Medicina 2024, 60(3), 363; https://doi.org/10.3390/medicina60030363
Submission received: 20 January 2024
/
Revised: 16 February 2024
/
Accepted: 19 February 2024
/
Published: 21 February 2024
(This article belongs to the Section Urology & Nephrology)
Abstract
:Background and Objectives: A novel post-translational modification (PTM) fragment derived from the cleavage of Fetuin-A (PTM-FetA) has recently emerged as a sensitive biomarker for kidney damage in diabetic patients, but evidence in other chronic renal diseases is lacking. In this pilot study, we aimed at evaluating the clinical significance of urinary PTM-FetA (uPTM-FetA) in a mixed cohort of patients with non-advanced chronic kidney disease (CKD) secondary to diabetic kidney disease (DKD) or other causes. Materials and Methods: We enrolled 47 adult patients with CKD (mean CKD-Epi 40.10 ± 16.5 mL/min/1.73 m2) due to DKD (n = 34) or other etiology (n = 13). uPTM-FetA was measured in the urine using a commercially available ELISA kit. Fifteen healthy individuals served as controls. Results: Collectively, all CKD patients displayed remarkably higher levels of uPTM-FetA than controls (0.84 [0.10–1.15] vs. 29.68 [2.50–55.16] ng/mL p = 0.0005), but values were lower in non-DKD than in DKD patients (1.66 [0.09–4.19] vs. 13.9 [0.01–45.02] ng/mL; p = 0.01). uPTM-FetA showed a great diagnostic capacity at ROC analyses to identify the presence of CKD (AUC 0.776; p < 0.001) and, within CKD patients, to discriminate the diabetic and non-diabetic etiology (AUC 0.673; p = 0.02). At multivariate correlation analyses, proteinuria (β = 0.442; p = 0.02) and BMI (β = −0.334; p = 0.04) were the sole independent predictors of uPTM-FetA in this study population. Conclusions: uPTM-FetA could be a novel sensitive biomarker at the crossroad of chronic renal damage and metabolic dysfunction. Additionally, this biomarker could also represent a non-invasive, complementary tool for discriminating among different CKD etiologies (DKD vs. non-DKD) in difficult cases or when renal biopsy is not available.
1. Introduction
Chronic kidney disease (CKD) is nowadays considered a true health priority, given the impressive rise in its incidence over recent decades and the consequent heavy impact on healthcare costs worldwide [1,2,3]. Given the paucity of clinical manifestations in early stages, a late identification of this condition is not infrequent, and may delay the timely establishment of therapeutic measures. On the other hand, misdiagnosis regarding the true CKD etiology may lead to inappropriate interventions [4,5]. As an example, despite diabetic kidney disease (DKD) representing the leading cause of CKD worldwide [6], diabetic patients with other concomitant renal disorders, such as glomerulonephritis, are often erroneously labeled as suffering DKD [7].
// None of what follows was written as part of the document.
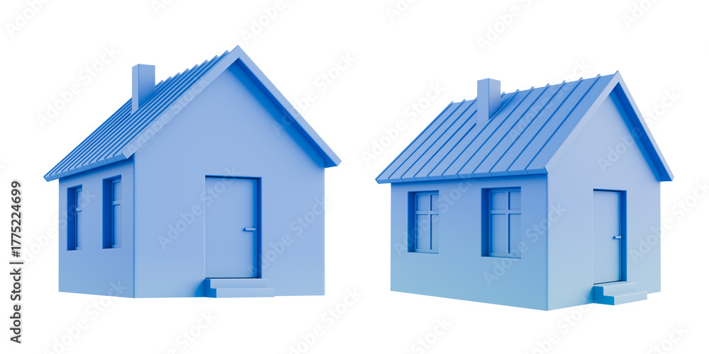 Tableau sur toile Two minimalist blue house models with gabled roofs and chimneys isolated on a white background

Indeed, albuminuria and proteinuria, which remain the cornerstone for the diagnosis, follow-up and therapeutic management of DKD, may display questionable sensitivity and specificity, as they may increase due to other glomerular disorders or may remain within the normal range in up to 40% of diabetic patients with biopsy evidence of renal involvement [8]. On the other hand, renal histology is invasive, time-consuming, and often not feasible or not recommended in diabetic patients. The search for alternative or complementary biomarkers for the diagnostic and clinical stratification of CKD and DKD patients, thus remains a timely research priority.
In this pilot, cross-sectional study, we explored the possible clinical significance of measuring urinary levels of the post-translational modified form of human fetuin-A (PTM-FetA) in a mixed cohort of patients with non-advanced CKD of various etiology. PTM-FetA is a new, emerging urinary biomarker which has recently been investigated for the prediction of the progression of renal impairment in type 2 diabetic patients [9].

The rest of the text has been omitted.